The Black Moon
- First edition
- Author: Winston Graham
- Language: English
- Series: Poldark
- Publisher: Collins
- Publication date: 1973
- Publication place: Cornwall
- Preceded by: Warleggan
- Followed by: The Four Swans

= The Black Moon =

Fifth novel in the Poldark series by Winston Graham

The Black Moon is the fifth of twelve novels in Poldark, a series of historical novels by Winston Graham. After an 18-year hiatus from the Cornwall novels, it was published in 1973. While Ward Lock published the first four novels in the series, publishing house Collins took over the reins with the fifth entry.

Two children are born in the novel: A son, Valentine, to George and Elizabeth Warleggan; and a daughter, Clowance, to Ross and Demelza Poldark. Dwight Enys, captured by the French and held as a prisoner-of-war, is rescued by Ross Poldark and a crew of Cornishmen. Two of Demelza's brothers, Sam and Drake Carne, enter the story and become major figures, as does Elizabeth's cousin Morwenna Chynoweth. Ray Penvenen dies, making Caroline an heiress. Aunt Agatha also dies, in dramatic circumstances. Wheal Grace starts yielding a decent payoff for Ross and Demelza. The Warleggan clan goes from financial success to financial success and George becomes a magistrate. The novel ends with George wondering whether he really is the father of Valentine.

==Synopsis==

===Book One===
Book One, with twelve chapters, opens in February 1794 with the birth at Trenwith of Elizabeth's second son. He is named Valentine Warleggan. He is born on the day of lunar eclipse, also called a "black moon". The book closes in September 1794.

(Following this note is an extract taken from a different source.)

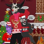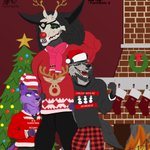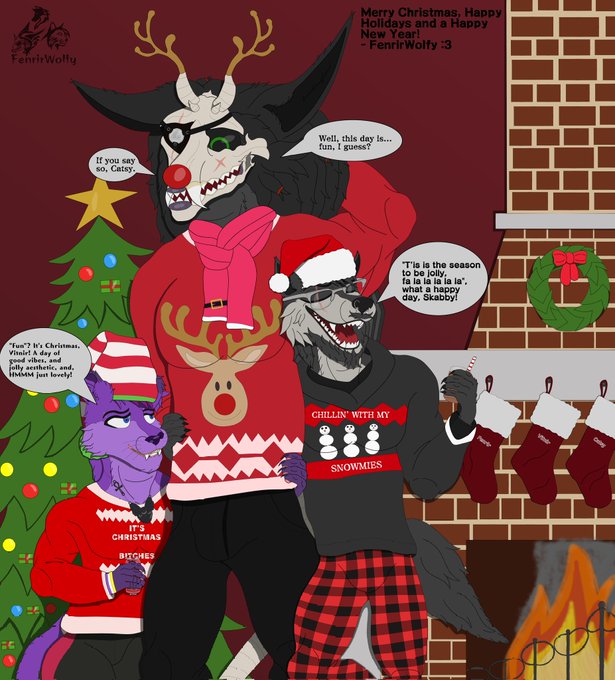 Merry Christmas, guys! Have my three fellas enjoying the season to be jolly! #furry #furryfandom #furryartist #furryartwork #furryart #drawing #digitalart #DigitalArtist #digitaldrawing #Christmas #wolf #alien #cat #skulldog #nygardian

- Two of Demelza's brothers – Samuel and Drake Carne – walk to Nampara in March. They tell Demelza that her father died a month ago, and they ask Ross for jobs in his mine. He agrees to do this. They repair and live in Reath Cottage, the former home of Mark and Keren Daniel. Samuel is an ardent Methodist. Desiring to add a room to Reath Cottage to serve as a Methodist meeting place, they carry a heavy shipmast home to serve as a ceiling beam. They carry it across Trenwith land and in so doing, run into young Geoffrey Charles Poldark and his governess, Morwenna Chynoweth. Drake has eyes for her. Morwenna and Geoffrey Charles agree to keep the fact of the trespassing to themselves.
- In May, Demelza tells Ross she is expecting another child.
- Caroline Penvenen, staying with her uncle, hears that several British ships were sunk in recent fighting. One of them might be the ship Dwight Enys is on. She rides to Falmouth, where Verity Blamey (née Poldark) lives, to see if Verity knows or can find out. She learns that his ship, the Travail, is one of the sunken ships. However, it is not clear what Dwight's fate was. She returns to Killewarren and is reluctant to leave for more than a few hours at a time because her uncle is dying. Ross visits, and she asks him to use his contacts in the smuggling community to see if they know anything.
- Ross sets out to buy a horse for Demelza and runs into an old acquaintance, Bartholomew "Tholly" Tregirls. They haven't seen each other for over a decade. Tholly, halfway in age between Ross and Ross's father, has a hook for one hand from a shipping accident, is an inveterate womanizer and is not aging well.
- Drake Carne runs into Geoffrey Charles and Morwenna on Hendrawna Beach. He takes them to interesting spots he has discovered. He asks Demelza to teach him to read and write.
- Sam Carne builds a local group of Methodists and, since there is no Methodist church to attend on Sundays, he takes them to the Anglican church in Sawle. This is the church attended by the occupants of Trenwith, a group now headed by George Warleggan. Warleggan indicates to the pastor that he expects the congregation to stand in respect when the Warleggans enter the church. Sam Carne and his Methodists are not interested in doing that, so Pastor Odgers tells them they are no longer welcome.
- Ralph-Allen Daniell is introduced: He "was a very rich merchant, middle-aged, comfortable, well thought of, who had had no need to align himself with anyone, since his interests were wide enough to guarantee his independence and his innate caution saw no virtue in taking sides". He asks Ross to serve as a magistrate. Ross turns him down, even when he is told that if he doesn't take it, the position will be offered to George Warleggan. George, when the offer is made to him, immediately accepts.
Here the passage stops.